Submissions for s 128 parties
[35] The s 128 parties contend that ERMA has mixed two separate requirements. The first requirement is that the Authority must assess whether the beneficial effects of the field test outweigh the adverse effects. Separately it needs to be satisfied that the organism can be adequately contained. The s 128 parties submit that ERMA has decided that because the organism can be adequately contained, there are no adverse effects.

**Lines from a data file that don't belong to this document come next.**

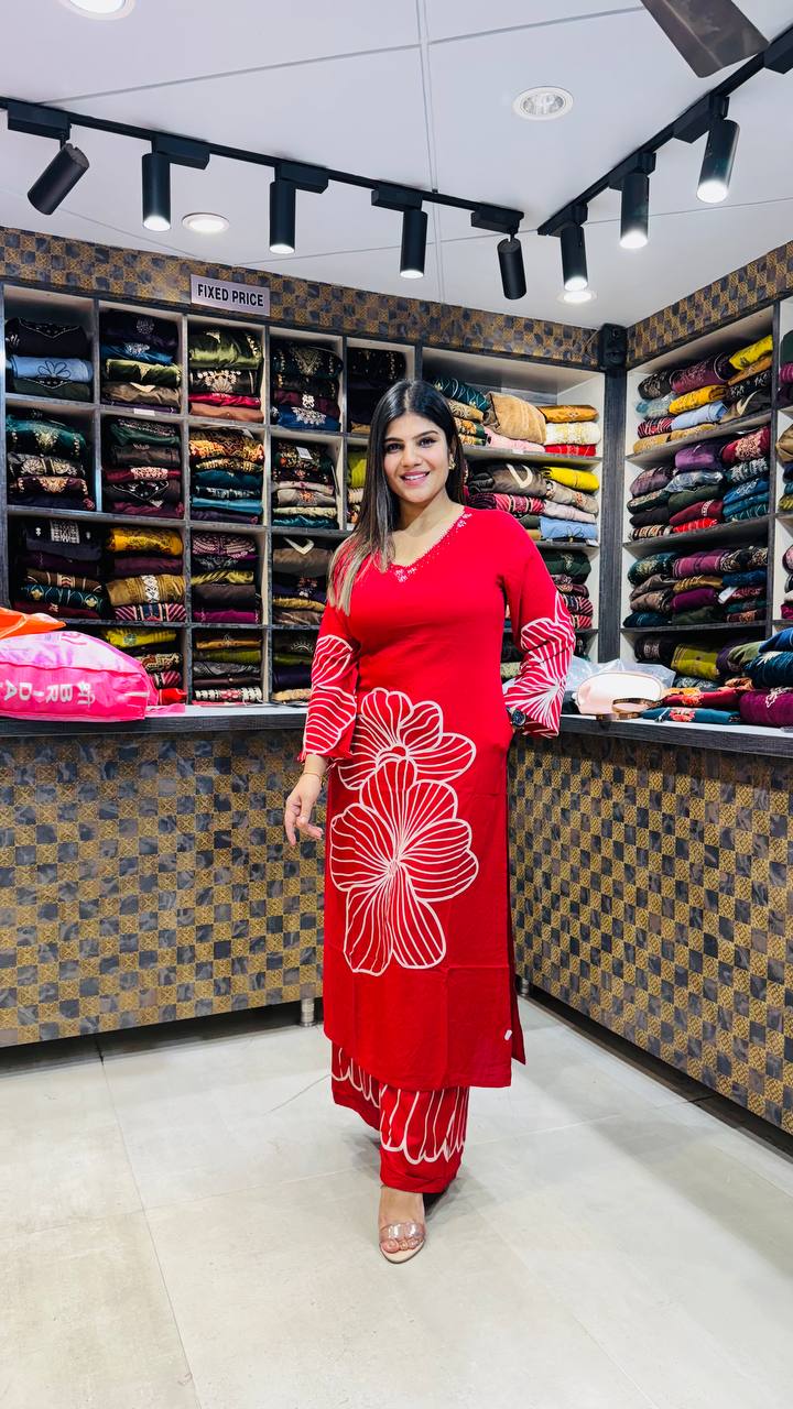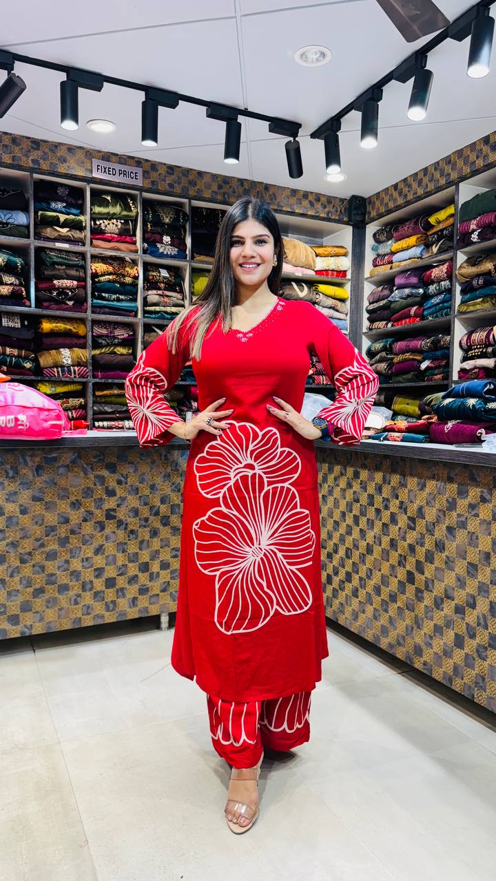 A stunning red ensemble crafted in premium German cotton, Roselure brings together vibrance and elegance. The kurta showcases bold white floral line embroidery that feels both artistic and modern, while the flared sleeves add a touch of drama. Paired with matching printed bottoms, this outfit is perfect for festive occasions or statement casual wear.
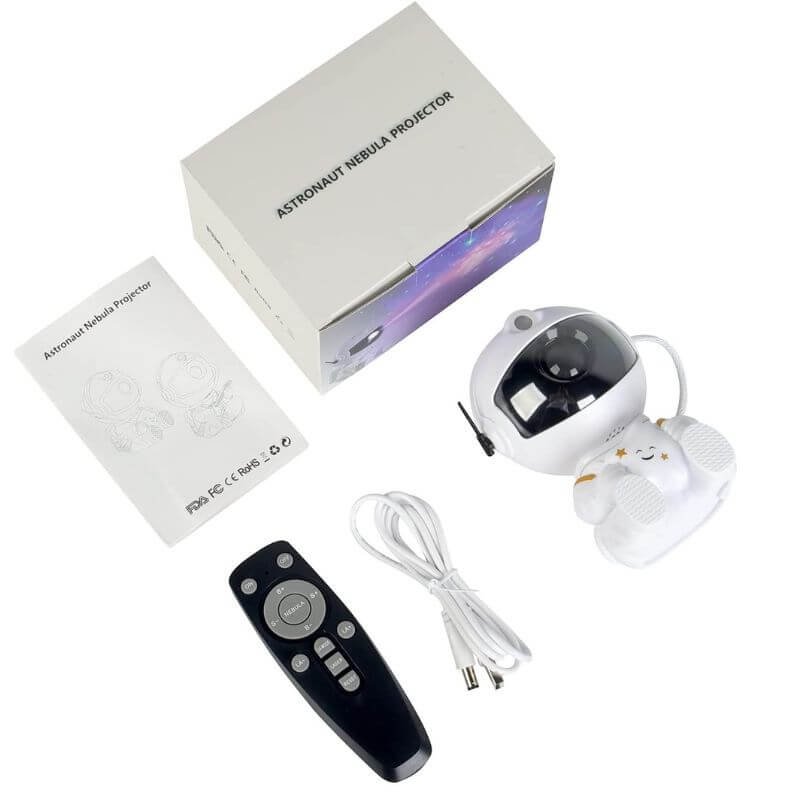 Produce a mystical ambiance by projecting fragments of universe across your walls. With this cosmonaut galaxy illuminator, choose among an array of 12 unique patterns. Perfectly suitable as a night lamp or ambiance light, it will exceed expectations. USB-powered and equipped with a remote control, this combination of figurine and projector is an excellent decor feature for a child’s living space.
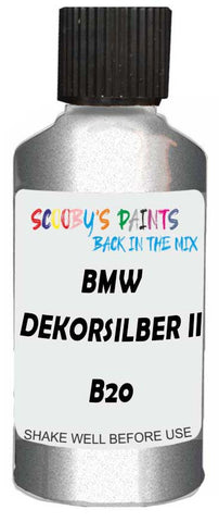 Professionally mixed touch-up paint matched to Bmw factory colour B20 – Dekorsilber Ii Metallic for model years 2012–2022. Ideal for repairing stone chips, light scratches and minor blemishes while helping to prevent corrosion.
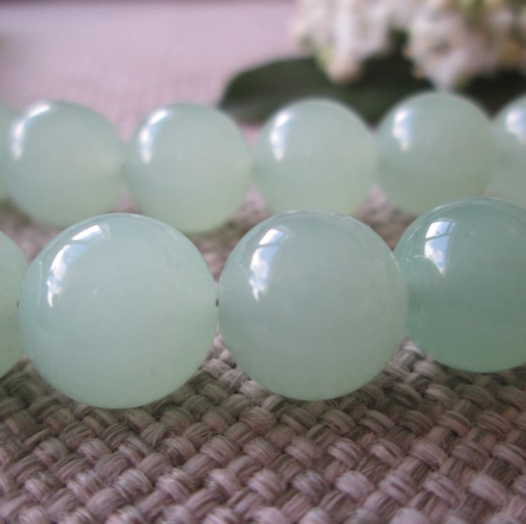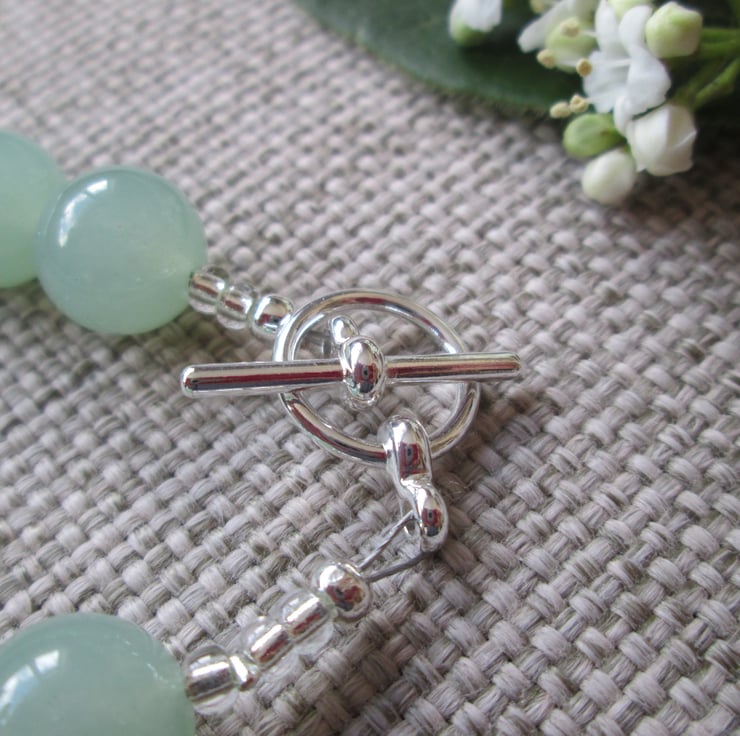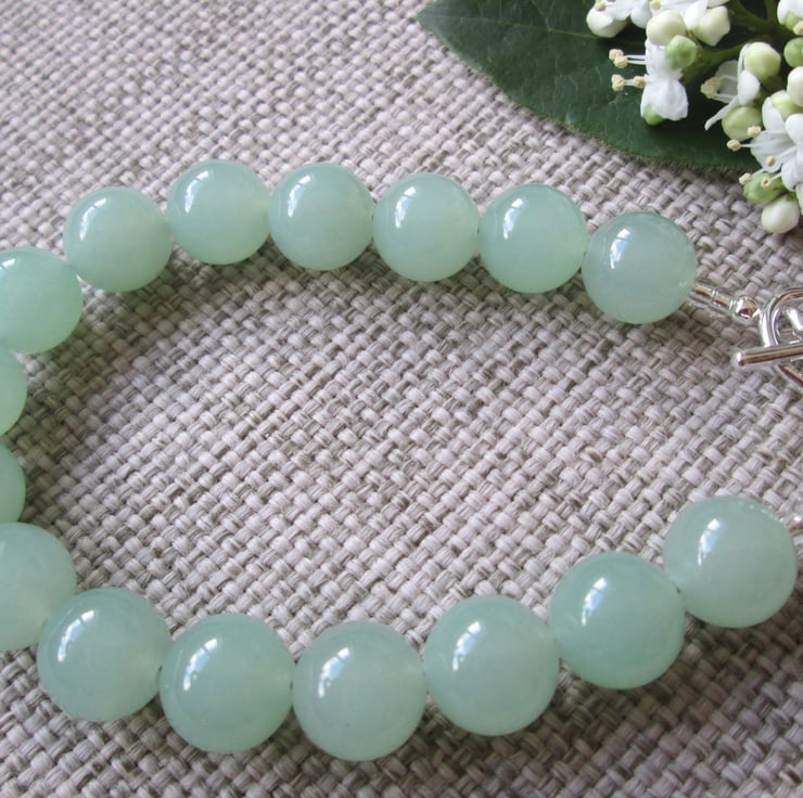 A beautiful bracelet made with pale green Quartzite beads (beads are 10mm in diameter), with a silver-plated toggle clasp. The bracelet is approximately 20cm in length (if you would prefer a different length please add a 'note to seller' to your order). A gorgeous bracelet in a beautiful subtle colour. Coordinating earrings and necklace are also available.
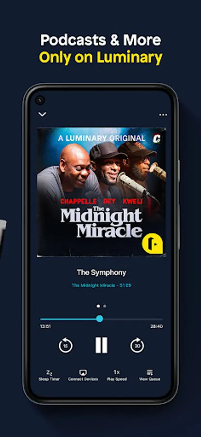 • Let Luminary and your favorite podcast lull you to sleep. Set a sleep timer for 10 minutes, 30 minutes, 1 hour, or the end of your current episode.
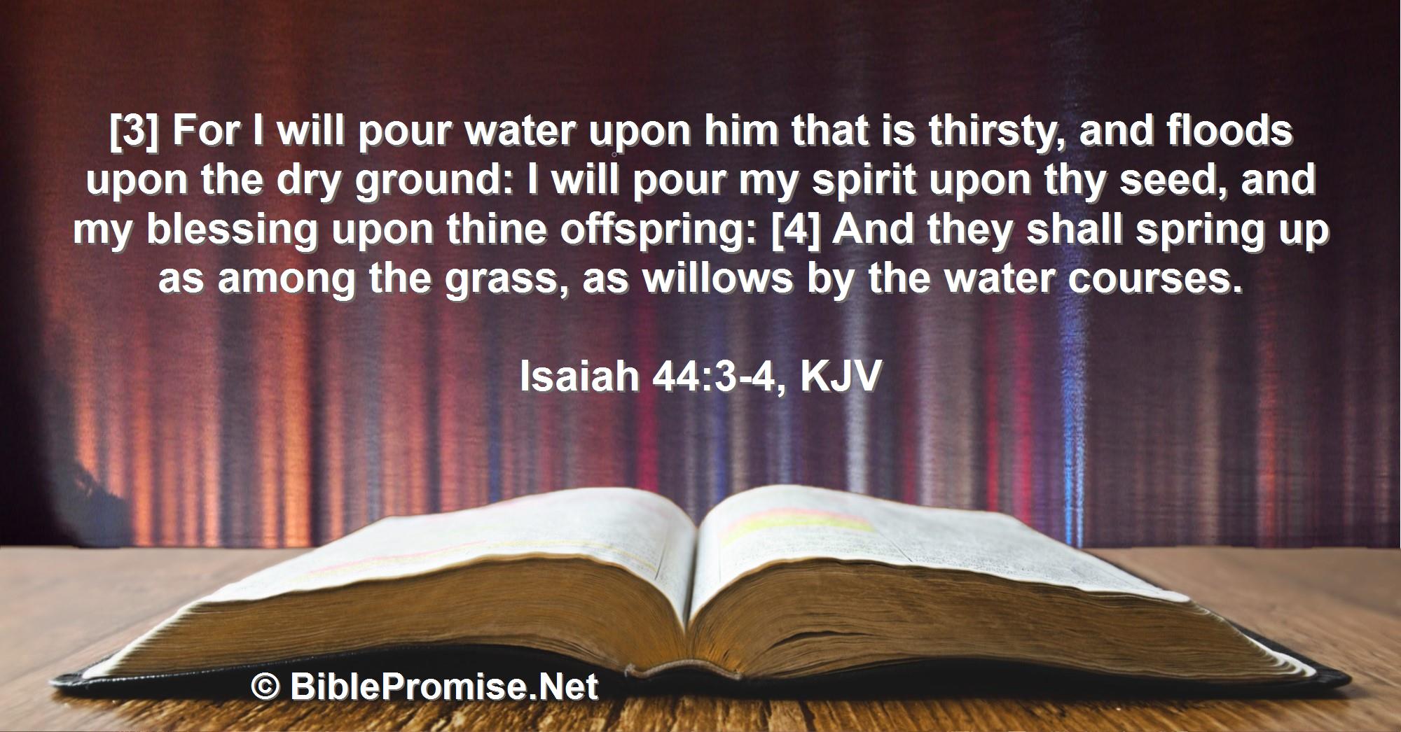 [3] For I will pour water upon him that is thirsty, and floods upon the dry ground: I will pour my spirit upon thy seed, and my blessing upon thine offspring: [4] And they shall spring up as among the grass, as willows by the water courses.
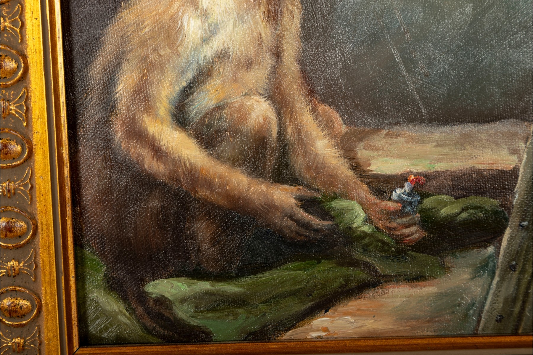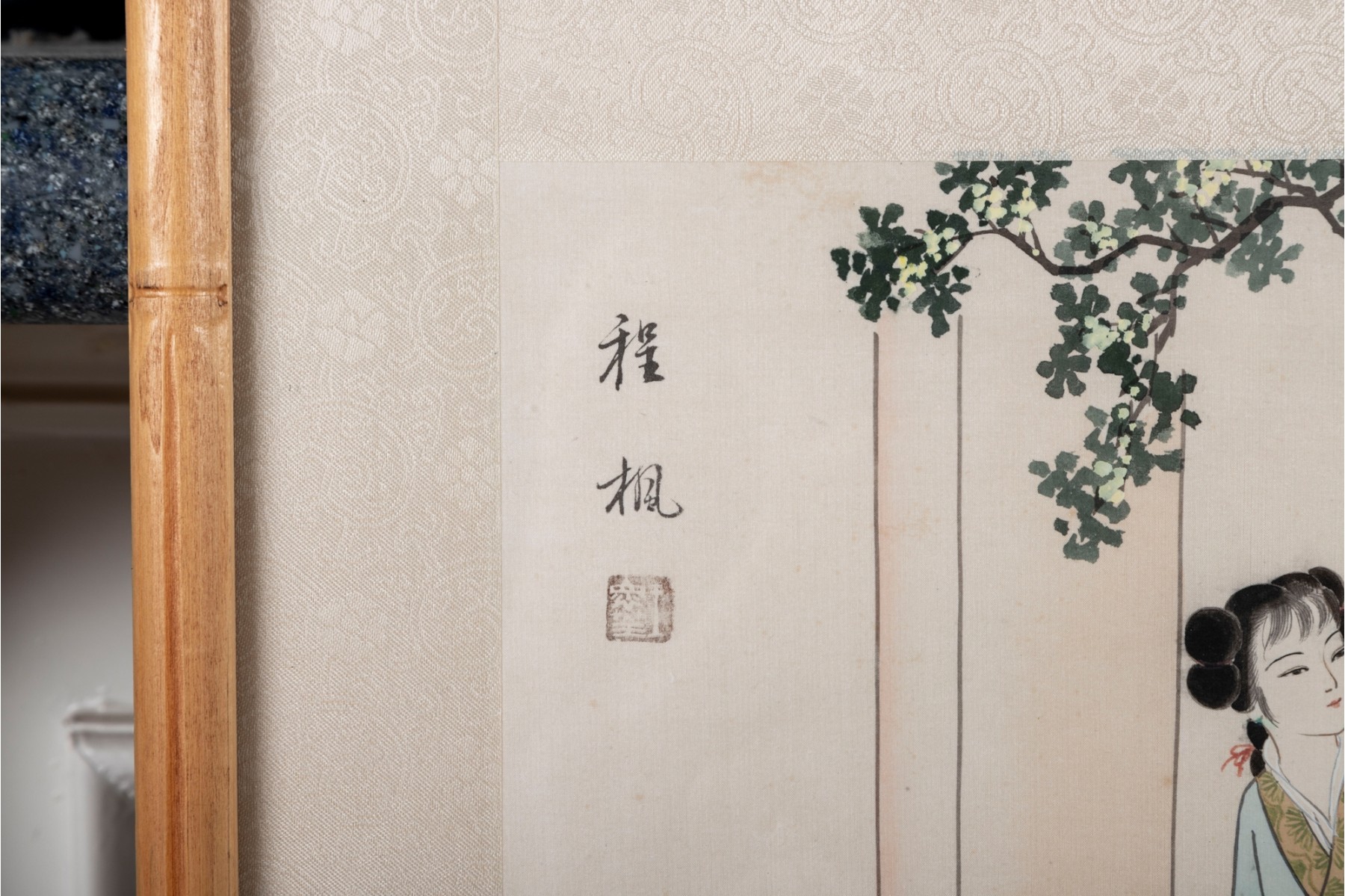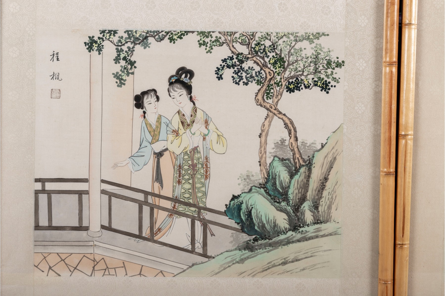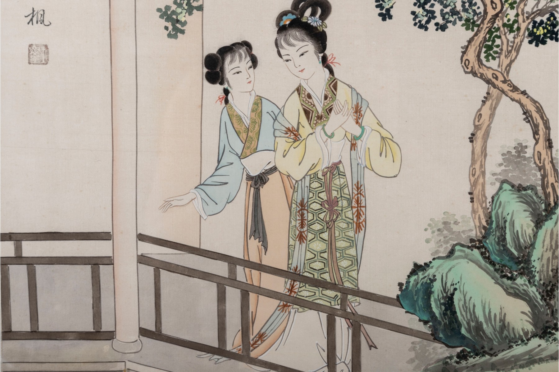 A delightful duo of Chinese paintings on silk depicting beautiful women enjoying conversation in palatial courtyards surrounded by lush nature and rocky outcrops. With written inscriptions and red seals, likely Sing-Yan Choy. The scenes are bordered with cream jacquard patterned trims and displayed in matching honeyed blonde wood frames with faux bamboo designs.

[36] The s 128 parties further say that the requirement on the applicant to identify “all” the possible adverse effects of the organism on the environment is a stringent test verging on the impossible. But one way ERMA could be satisfied that all adverse effects are identified is to require ongoing testing and monitoring for those effects. Unless it can be satisfied that all adverse effects are identified then it cannot be satisfied that the positive benefits of the field test outweigh the adverse effects. In this case the submitters were concerned about the risk of adverse effects. The s 128 parties submit that because there is uncertainty about the adverse effects, the power to impose a requirement to test for adverse effects needed to be exercised or the application needed to be declined.
ERMA’s submission
[37] ERMA’s view2 is that it can require an applicant to monitor for adverse effects (under its discretionary power in s 45(2)(b)), but it is not obliged to require this because it is not one of the mandatory controls provided in s 45(2)(a). Consistent with this, ERMA’s policy is toward “strong encouragement” rather than making this a requirement of the field trial. It submits that GE Free needs to persuade the Court that ERMA was required to impose an obligation on Crop and Food to carry out adverse effects testing pursuant to its discretionary power to impose controls (under s 45(2)(b)).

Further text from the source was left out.